12. The evidence shows that on March 20, 1891, the defendant purchased for the plaintiff oxen to be used in the business, paying therefor $700, which sum should be charged to the plaintiff. The defendant’s counsel, referring to a box of papers, evidently the memoranda sent up, in which he found a number of orders drawn by Raski on Wise for the payment of money, taking three of them as examples, offered them in evidence, for $11.50, $13.30, and $16.50, respectively, and aggregating $41.30, which sum should be charged to the plaintiff. With but few exceptions, the orders referred to were the only items in this mass of bills, etc., that were identified in any manner by the defendant, but as he was in possession of such orders their payment will be presumed. Section 788, subd. 13, B. & C. Comp. Some of the orders do not state the amount of money for which they were issued, some are not addressed to Wise and others are not signed by Raski, omitting which, we find that the orders properly drawn and in the defendant’s possession aggregate $705.70, which sum should be charged to the plaintiff.

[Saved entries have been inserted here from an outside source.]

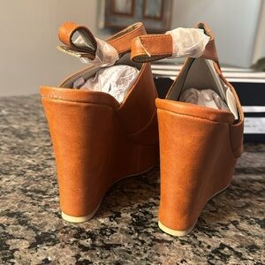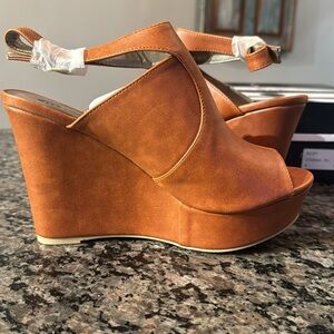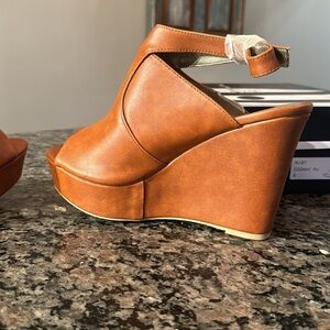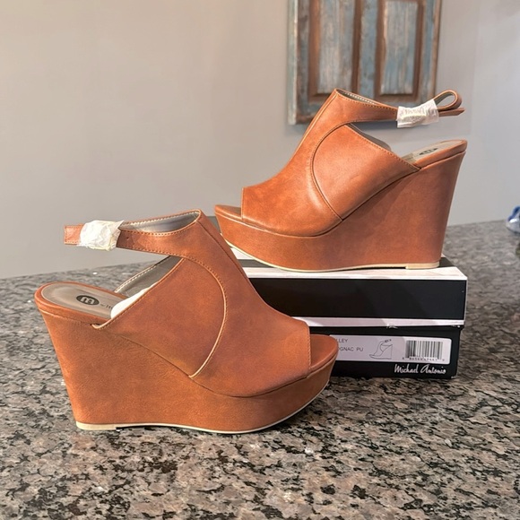 Michael Antonio cognac wedge peep toe NIB 7.5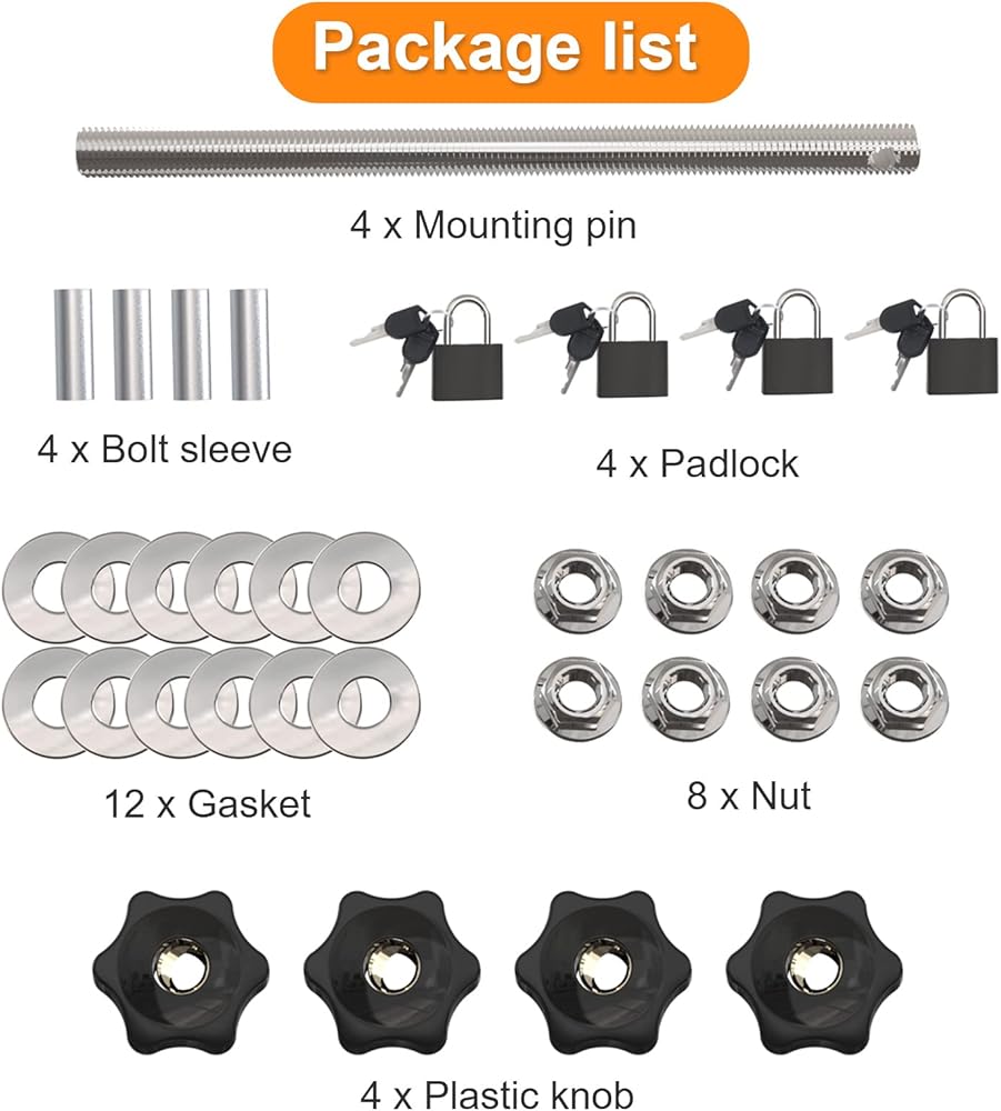 【 تتضمن العبوة وضمان الجودة 】 تحتوي مجموعة تثبيت لوحة الجر على 4 مقابض بلاستيكية، و4 دبابيس تثبيت، و4 أكمام مسامير، و4 أقفال، و8 صواميل، و12 حشية، وتأتي مع دليل التعليمات. (ملاحظة: دعامات التثبيت غير متضمنة.) نقدم ضمانًا لمدة عام كضمان للجودة، إذا كان لديك أي سؤال فلا تتردد في الاتصال بنا، وسوف نقوم بالرد عليك بالحل المناسب في غضون 24 ساعة.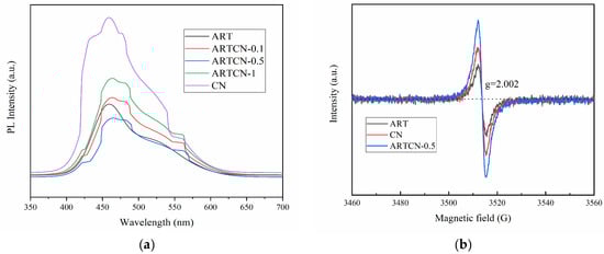 A PL spectrum can be used to study the separation of the photogenerated carriers in semiconductors, where the lower the peak intensity, the lower the recombination rate of the photogenerated carriers and the higher the photocatalytic activity []. As shown in Figure 6a, ARTCN-0.5 had the lowest peak intensity, indicating that its photocatalytic activity was the highest, which further indicated that as an amendment, the amount of CN addition did not follow the logic of “the more content the better” but had an appropriate ratio with ART. In addition, we observed that the wide wavelength range of ARTCN-X after CN modification in the interval of 451.8–468.8 nm was attributed to the oxygen vacancy that contained two captured electrons, which both promoted the formation of superoxide radicals (·O2−) and hydroxyl radicals (·OH) and was favorable for photocatalytic degradation.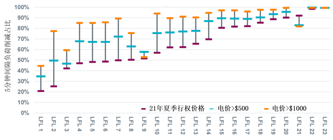 圖7:不同電價觸發(fā)的大型負(fù)荷削減占比(2023年9月到2024年2月)。不同的大型靈活負(fù)荷(LFL)在價格響應(yīng)性方面差異顯著[4]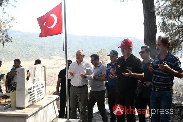 Vali Enver Ünlü, yangında tamamen yanan Karayakup Mahallesi'nde, alevlerin zarar vermediği tek yer olan Şehit Piyade Er Halil İbrahim Ertaş'ın kabrini de ziyaret etti. 2010 yılında Hakkâri'nin Çukurca ilçesinde şehit düşen Ertaş için dua eden Ünlü, şehitliğin dinimizdeki en yüksek mertebe olduğunu belirterek, vatan uğruna hayatını kaybeden tüm şehitlere Allah’tan rahmet diledi.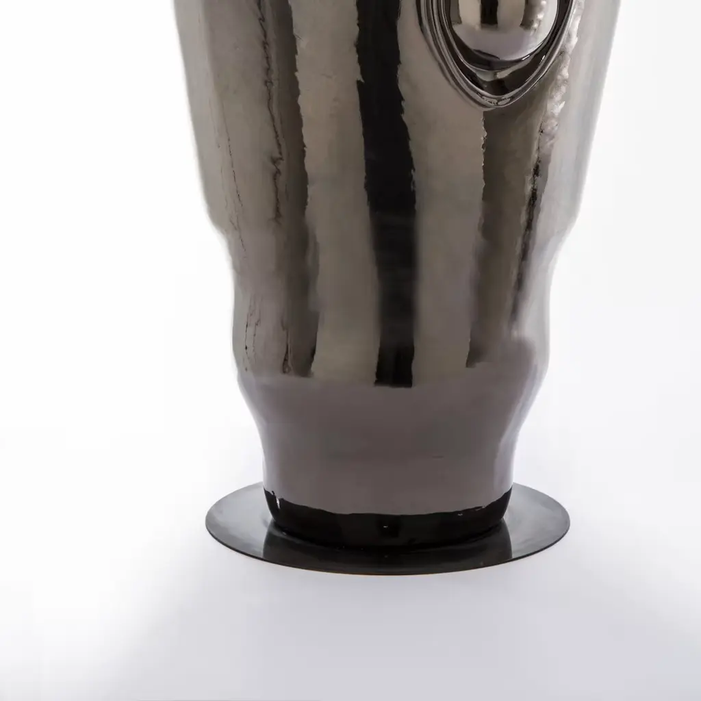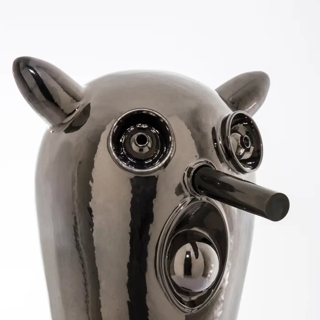 This unique sculpture adds personality to any home. The shape of this piece represents an animated head featuring a charming character with an elongated nose, two ears, and deeply set eyes. This object is crafted in ceramic with a bronze glaze, and the nose is in burnished brass, accessorized with an internal LED light which illuminates it from within.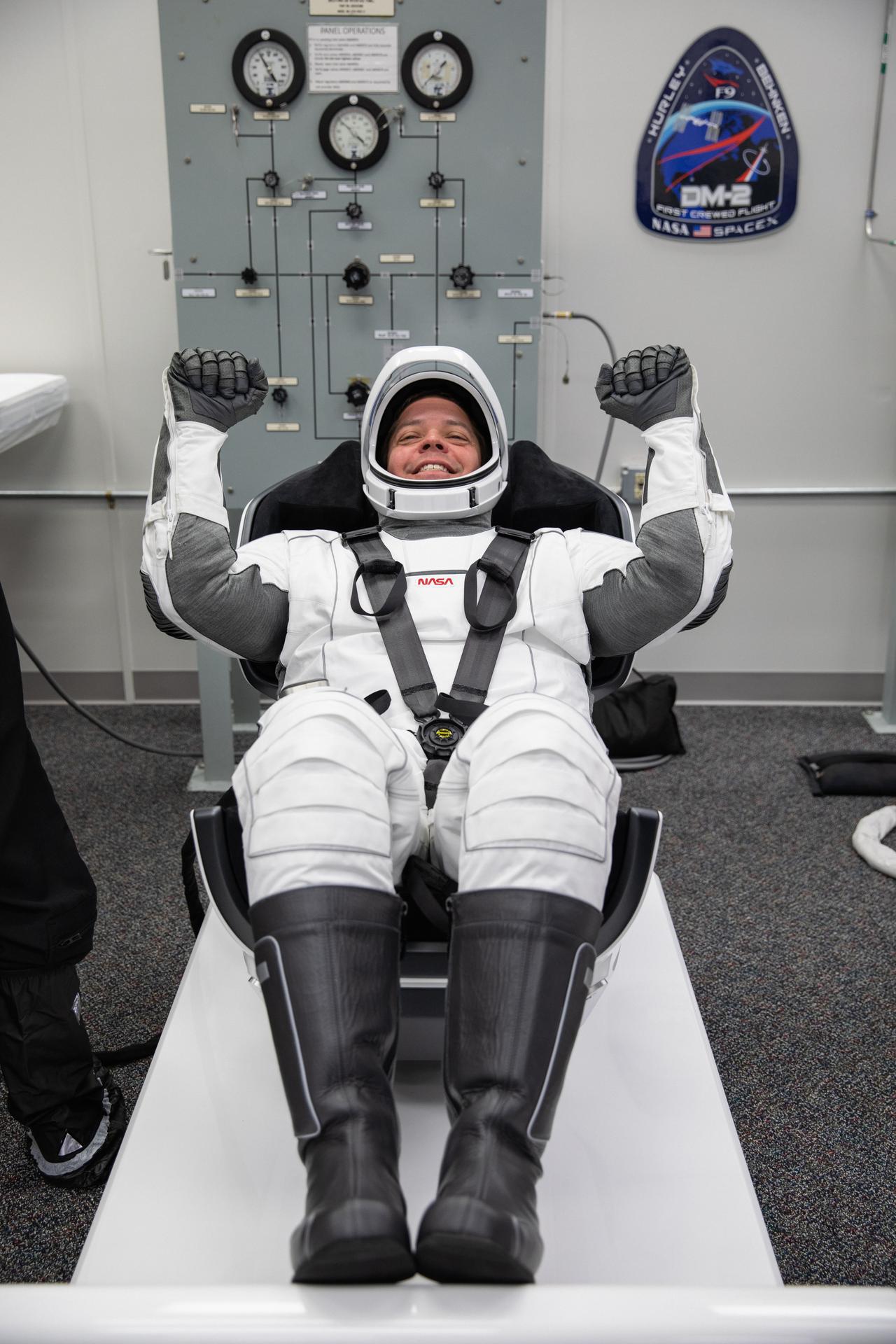 NASA astronaut Robert Behnken rehearses putting on his SpaceX spacesuit in the Astronaut Crew Quarters inside the Neil A. Armstrong Operations and Checkout Building at the agency’s Kennedy Space Center in Florida on May 23, 2020, during a full dress rehearsal ahead of NASA’s SpaceX Demo-2 mission to the International Space Station. This will be SpaceX’s final flight test for NASA’s Commercial Crew Program. Behnken and fellow crew member Douglas Hurley will fly to the orbiting laboratory in a SpaceX Crew Dragon spacecraft, launching atop a Falcon 9 rocket from Kennedy’s Launch Complex 39A. Liftoff is scheduled for 4:33 p.m. EDT on Wednesday, May 27.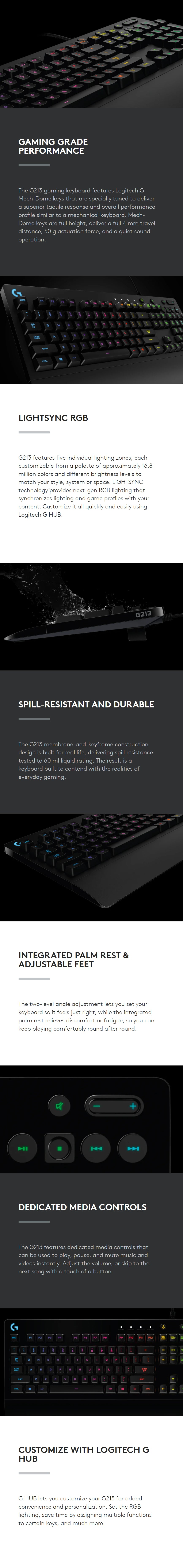 Logitech G213 Prodigy RGB Backlit Wired Gaming Keyboard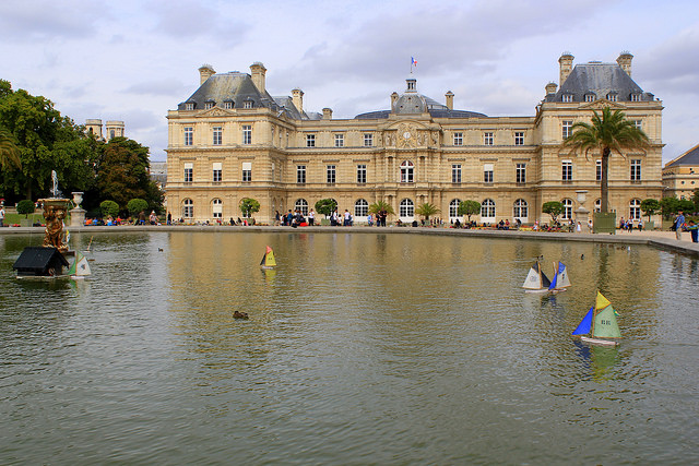 Boats glide across the main fountain pool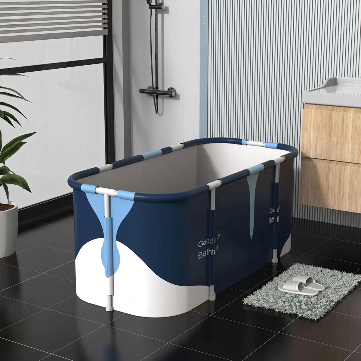 Saliekamā XXL vanna ir ideāls risinājums ikvienam, kurš sapņo par relaksējošu vannu mazā vannas istabā. Pateicoties 6 slāņu termiskajai izolācijai, ūdens ilgi saglabājas silts, un ātrā salikšanas sistēma ļauj vannu uzglabāt pat zem gultas.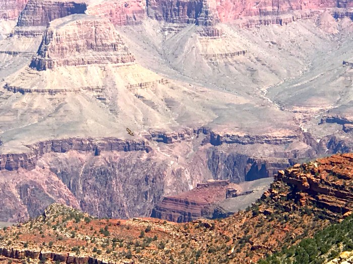 Note the bird flying just right of dead center in the picture: there are Eagles, hawks, and even condors up here – yes, condors!

13. Entries of what purport to be items of account between the parties, commencing August 27, 1884, are set *86forth in the defendant’s ledger, Exhibit J, from which it appears that after deducting the payments made by the plaintiff he is indebted to the defendant in the sum of $155.97. The memoranda thus noted is not verified by any daybook offered in evidence, nor was any testimony given tending to show that the entries thus referred to were made at or near the times respectively stated, so as to make the volume a book of original entry. The indebtedness last mentioned will therefore be disallowed. These same items appear again at page 247 of the same ledger, not in consecutive order as noted at page 134 thereof, but as set forth in Liebman’s statements of the account, though at the prior page of the volume, after what purports to be a sum of indebtedness against Raski, aggregating $65.33, appears the word “Pad,” probably evidencing a settlement, but no mention is made of any adjustment -of the accounts at the latter page.
The repetition of the items of the former account conclusively demonstrates that the entries thus made in the ledgers by the defendant were copied from Liebman’s statement of the account. The matters thus referred to evidently escaped the attention of the court and counsel who, without any definite proof on the subject, assumed that the entries set forth in the ledgers were duly made. As the trust relation assumed by the defendant imposed on him the duty to keep accurate account, he will be responsible for the items of credit to which he admits Raski is entitled, aggregating $8,236.43, and the money received from the sale of the timber claim, $2,000.
The items of plaintiff’s indebtedness hereinbefore mentioned aggregate $9,835.52, and the sum of the credits acknowledged is $11,435.44, thus apparently leaving due the plaintiff $1,599.92. If all the evidence submitted had been legal, the balance of the account would have been in favor of Wise, and for that reason no decree for any part of that sum will be rendered against him, but, as Raski *87has made the better showing, he, without any further payment or accounting, is entitled to a reconveyance of the homestead, the value of which, as admitted by the defendant, does not exceed $700.
The decree will be modified in accordance with the view here expressed, the plaintiff to recover his costs and disbursements in this court. Modified.
Mr. Justice McBride, having originally tried this cause took no part in the consideration thereof in this court.